Неприглядный быт русской деревни и образ жизни русского мужика Бунин, таким образом, объясняет его национальным характером. И характер этот у Бунина (как и в статье Горького «Две души») определяется в значительной степени двойственной (и оттого загадочной) природой русского человека: европейски-азиатской. (Об этой двойственности много думали и писали и Вл. Соловьев, и Белый, и Ремизов, и Блок, и Брюсов и многие другие; можно сказать, что тема азиатчины была одной из центральных в русской культуре начала века – идеи панмонголизма, скифства и т. д.). Древнюю Киевскую Русь Бунин оплакивал и любил до самозабвения, азиатчину ненавидел. «Есть два типа в народе, – читаем в его дневнике, – в одном преобладает Русь, в другом – Чудь, Меря»301. Он с тревогой замечал, что всё более уходит в безвозвратное прошлое всё то прекрасное и светлое, что было в Древней Руси, и всё более начинает преобладать азиатчина. «Теперь-то уж и впрямь шабаш, – во весь дух ломим назад, в Азию!» – восклицает «базарный вольнодумец и чудак, старик-гармонист» Балашкин в «Деревне» (Пг.
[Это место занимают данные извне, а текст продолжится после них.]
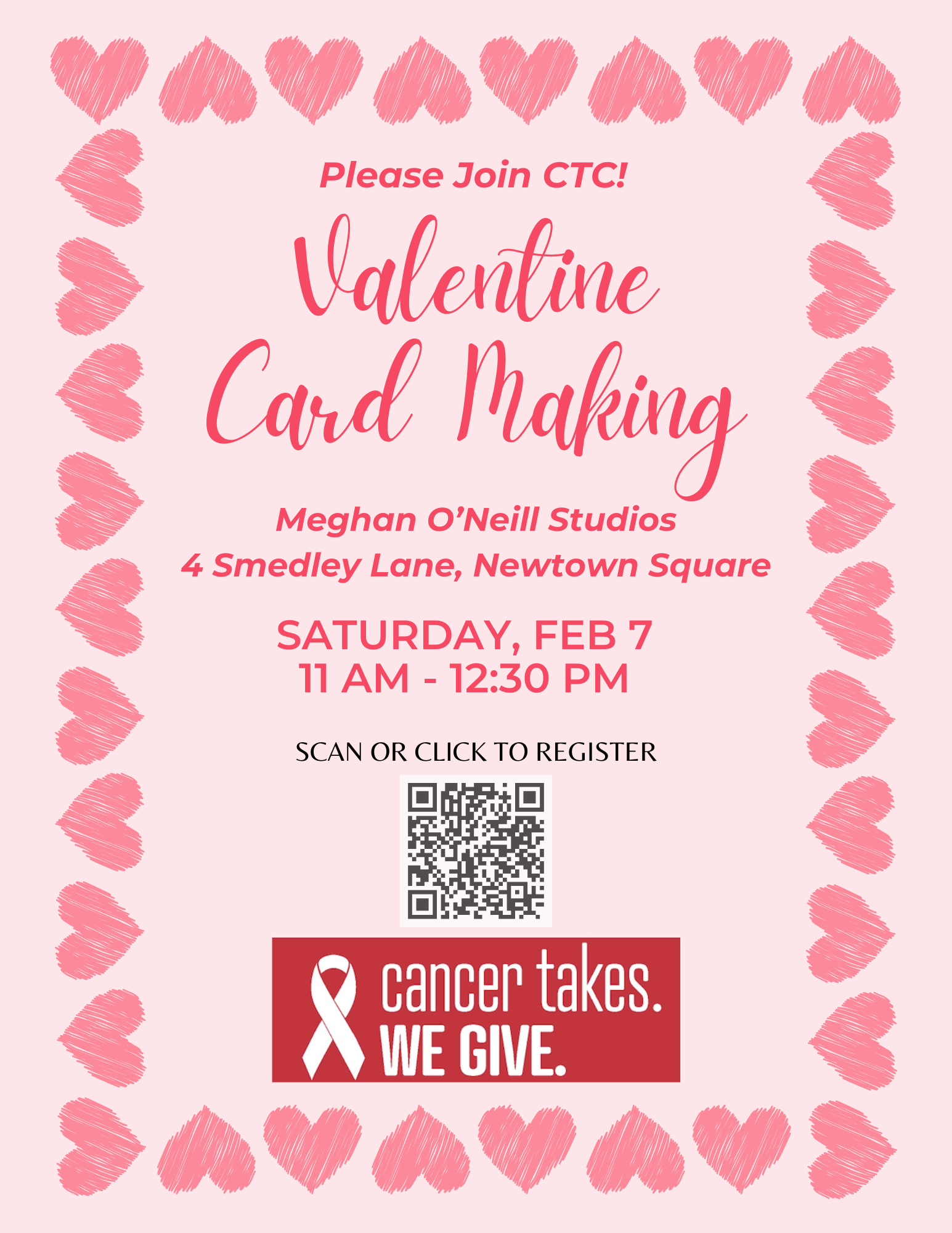 Join us on Saturday, Feburary 7th for a Valentine Card Making workshop at Meghan O’Neill Studios in Newtown Square. We will come together to design handmade Valentine’s cards perfect for spreading the love! Space is limited and registration is required so save your spot today!

V. 66).
Символом азиатчины в русской жизни у Бунина постоянно выступает пыль (пыль, которая постоянно ассоциируется со скукой и неподвижностью, см., например, рассказ «Пыль»), та самая пыль, которая покрывает остатки некогда великих древних городов Востока (Восток побежденный Азией) и которая проходит доминантой через все бунинские «путевые поэмы». Пыль – это последняя стадия энтропии, властвующей в мире.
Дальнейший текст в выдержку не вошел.